The following information is only applicable to a Team or Enterprise Editions of RSpace.

Scope and intended audience

This document is for IT staff at an organisation that is considering purchasing, or has purchased, RSpace Team or Enterprise.

For Enterprise, this document aims to provide an overview of deployment options to help guide your decision on how to deploy RSpace.

Which Edition should I choose and where will RSpace be deployed?

This is a fundamental decision for you to make, and there are various options, all of which can be supported and have proven to be workable with existing customers.

For deployments of RSpace with less than 15 users who have selected RSpace Team Edition, only option 1 is available. However, this document highlights various information about the SaaS offering that might be useful to the IT staff of an organization that has opted for the Team Edition.

Option 1: Research Space operates RSpace as a SaaS offering installed on an AWS server that we manage for you.

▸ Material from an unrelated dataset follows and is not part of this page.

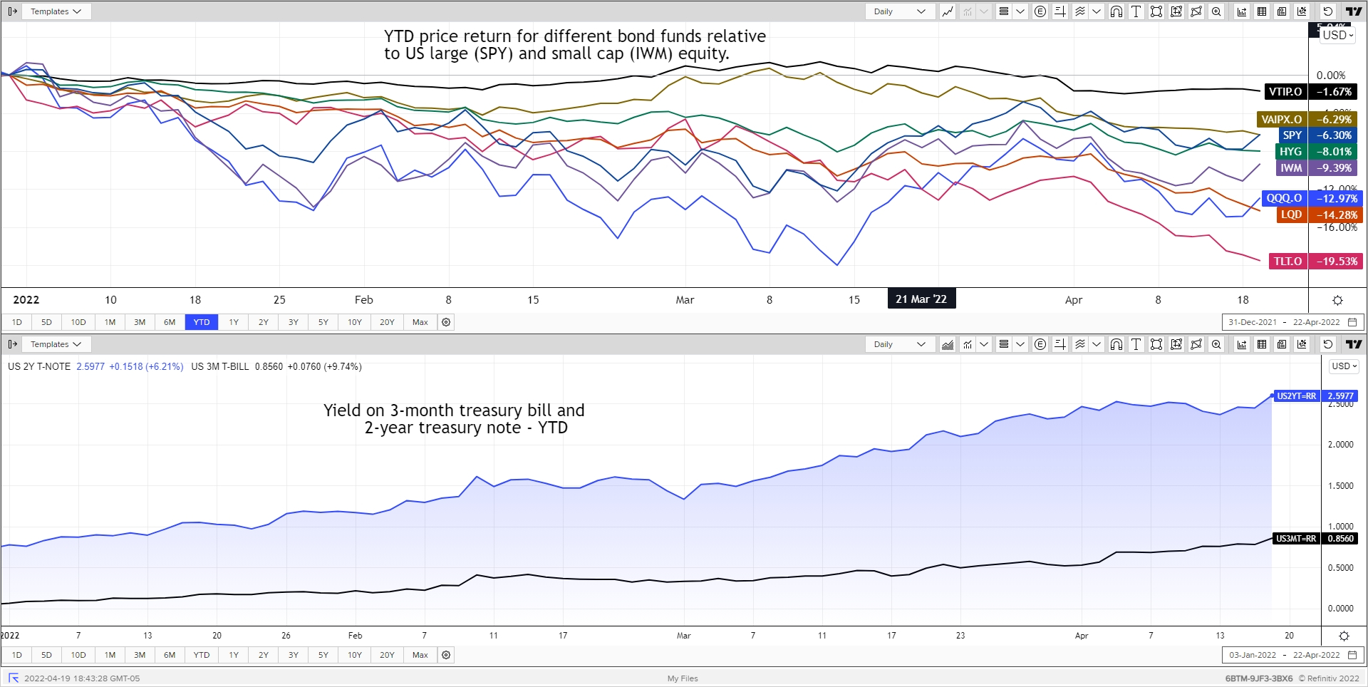 The graph below show YTD price returns for different bond funds along with equity indices.  The two worst performers are longer duration bond funds with Nasdaq QQQ coming in third worst.  This is an example of the market pricing in expectations.

In this scenario, RSpace is deployed on your own private AWS instance in the cloud. Installation, backup, updates and maintenance are all performed by Research Space. For Team edition, ResearchSpace will select a data center location for you from the following list:

us-east-1 virginia

us-west-1 california

eu-west-1 ireland

eu-west-2 london

ap-northeast-2 seoul

ap-southeast-2 sydney

Oranizations who purchase RSpace Enterprise edition may request any AWS regional data center necessary to meet your data storage and regulatory requirements. Hosting on AWS is good option if you:

  • Are unable or unwilling to dedicate staff time to installing and maintaining RSpace.
  • Want complete convenience and to get up and running quickly.
  • Anticipate expanding usage over time but do not have suitable resources of your own to accomodate this - AWS is essentially is unlimited in terms of data storage capability.
Option 2. (Requires RSpace Enterprise Edition). You install and operate RSpace within a suitable on-premises environment that you provide.

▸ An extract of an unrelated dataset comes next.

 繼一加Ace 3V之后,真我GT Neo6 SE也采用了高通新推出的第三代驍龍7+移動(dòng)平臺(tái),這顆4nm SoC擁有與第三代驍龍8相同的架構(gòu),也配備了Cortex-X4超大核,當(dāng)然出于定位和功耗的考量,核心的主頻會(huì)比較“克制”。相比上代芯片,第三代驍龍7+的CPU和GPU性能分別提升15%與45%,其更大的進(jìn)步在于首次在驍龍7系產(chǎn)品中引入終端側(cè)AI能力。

In this scenario, RSpace is installed on your institutional system - either physical machines, virtual hosts or your private cloud. You can learn more about how to install RSpace. This scenario is good if:

  • Your data-compliance guidelines require you to store research data on-premises.
  • You are able to dedicate some staff time to installing and maintaining RSpace.
  • You have staff with IT experience in managing web applications in a Linux environment.
  • You want absolute ownership and control over all aspects of the data life cycle, for example backup and recovery.
It is critically important to keep your RSpace server application up to date. You can see the current version of your server at the bottom left of the interface. It will be of the form 1.XX.X. You can see the current release version in the changelog. If your organization has opted to manage your own server, but you allow you server to fall more than 4 major releases or 1 year behind the current release, then additional surcharges may apply if ResearchSpace needs to assist you with a complex, multistep, update path through many versions.
Option 3. (Requires RSpace Enterprise Edition). Research Space remotely installs and manages RSpace within a suitable on-premises environment that you provide.

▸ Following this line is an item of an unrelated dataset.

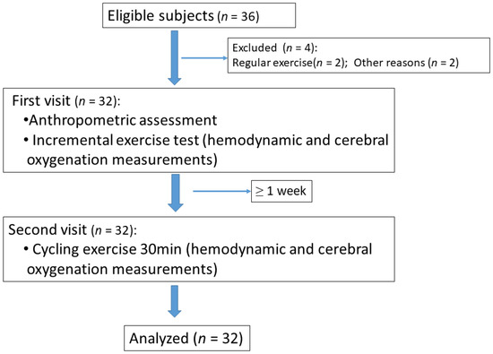 Cerebral oxygenation can serve as an index of cerebrovascular function, as it depends on blood flow and endothelial integrity [11]. Near-infrared spectroscopy (NIRS) assesses cerebral oxygen delivery and uptake by cerebral tissues through the measurement of oxy- (O2Hb) and deoxygenated hemoglobin (HHb), which provides information on cerebrovascular function [12]. During exercise, cerebral oxygenation increases in healthy humans due to an increase in regional total hemoglobin (tHb) and O2Hb [13]. This increase in oxygen delivery is important because brain function can deteriorate when oxygenation is reduced. Subjects with obesity are at risk of cerebrovascular dysfunction; however, few studies have examined their cerebral oxygenation response to exercise.

This is a hybrid solution, where you want RSpace on-premises but don't want to delegate IT staff time to maintaining the system. In this case, you set up the infrastructure and Research Space will install and maintain the software. Responsibility for backup /disaster recovery is agreed before installation. This scenario is good if:

  • Your data-compliance guidelines require you to store research data on-premises.
  • You have limited desire or ability to dedicate staff time to managing RSpace

Here, the process would typically be:

  1. A kick-off meeting to meet each other and establish a procedure and timeline for the installation, and to confirm infrastructure requirements.
  2. Customer sets up infrastructure (e.g. virtual servers) with vanilla Ubuntu / Debian OS and grants SSH access to ResearchSpace installation technician.
  3. ResearchSpace performs basic installation
  4. Single SignOn / integrations are set up as required.
  5. RSpace is made available to users.

RSpace connectivity

RSpace does not operate in isolation from your institutional data; in fact it shines when connecting and linking your research work together. In this section we review how the different deployment options described above affect these aspects of RSpace functionality.

Single Sign On

If you want your users to access and login to RSpace using Single Sign On, RSpace supports this for all deployment options, using the SAML2 protocol. Most Identity Providers (IdPs) such as Okta, Azure AD etc., support this protocol. For more details, see Setting up SingleSignOn authentication

Connecting to your existing data storage

RSpace can store and manage all sorts of data files, but there are occasions when your researchers will want to link to data files on an institutional file server rather than bringing the files into RSpace. This might be the case if

  • The data files are huge, e.g. large images or sequencing files.
  • Your data has to be stored on a particular file server for compliance reasons.

RSpace can talk to these servers using either Samba or SFTP protocols. It just requires read access to list files to link to.

This can be easier to set up for an on-prem installation; connecting from RSpace on AWS is entirely possible technically, but requires access from RSpace to your file-server. Please read Configuring Institutional File Systems for more details

RSpace integrations

RSpace has integrations with many popular applications including Dropbox, Google Drive, OneDrive, Microsoft Teams, Slack, Office 365, protocols.io, Github, Figshare and Dataverse- see Integrations for a full list. The setup required for each integration is variable. If you are running RSpace as a SaaS (option 1 above) , ResearchSpace will be able to set up these integrations for you. If you are running RSpace on-prem (or, more specifically, the RSpace URL is not a researchspace.com URL), then you will have to configure these integrations, as they often require proof of domain ownership to set up (e.g. Google Drive).

RSpace Enterprise customers can customize the interface by adding an organizational branding / company logo image to the top right corner of the interface (replacing the standard RSpace image), and / or by adding up to 2 other custom text links in the page footer (e.g., pointing to a web page you maintain with information about data privacy policies, legal disclaimers, or other important information about using RSpace at your specific organization).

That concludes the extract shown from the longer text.